What output formats does this converter show?

The converter shows: ISO 8601 (2024-01-01T00:00:00Z — the international standard), RFC 2822 (Mon, 01 Jan 2024 00:00:00 +0000 — used in email headers), UTC date and time, your local date and time in your browser's timezone, relative time (e.g. "3 days ago"), and the day of week.

How do I get the current Unix timestamp?

Click the "Now" button to instantly load the current timestamp. The displayed values update in real time while "Now" is active. In code: JavaScript uses Date.now() for milliseconds or Math.floor(Date.now()/1000) for seconds; Python uses time.time(); Go uses time.Now().Unix().

What is the maximum date a Unix timestamp can represent?

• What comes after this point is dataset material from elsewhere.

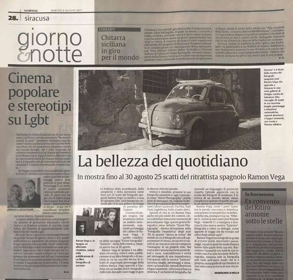 El pasado 8 de agosto se publicó una reseña en el diario La Sicilia anunciando la exposición, firmada por Mariolina Lo Bello, en la que se alude a «la belleza de la cotidianidad, de la simplicidad y de la normalidad» que exhalan estas 25 instantáneas de José Ramón Vega que se mostrarán a partir del 11 de agosto en la Fototeca Siracusana.

A 32-bit signed integer can store timestamps up to 2,147,483,647 — which corresponds to 2038-01-19T03:14:07Z. This is the "Year 2038 problem". Modern systems use 64-bit integers which can represent dates billions of years into the future. This tool uses JavaScript's 64-bit floating-point numbers, so it handles any practical date range.

Can I convert a human-readable date to a Unix timestamp?

Yes. Use the date/time input fields on the right side of the converter. Select a date and time and the corresponding Unix timestamp (in both seconds and milliseconds) is shown instantly. The input treats the entered time as your local timezone unless you explicitly enter a UTC offset.

Why do different programming languages give different timestamps for the same moment?

They shouldn't if implemented correctly — Unix time is timezone-independent. Common sources of discrepancy: JavaScript's Date uses milliseconds while most others use seconds; local time vs UTC confusion; or clock skew between systems. Always store timestamps in UTC and convert to local time only at the display layer.

What is ISO 8601 and why is it preferred?

ISO 8601 is the international standard for date and time representation (e.g. 2024-01-15T09:30:00Z). The trailing "Z" means UTC. It is unambiguous, sortable lexicographically, and universally parseable by every major programming language and database. It is the recommended format for APIs, logs, and data exchange.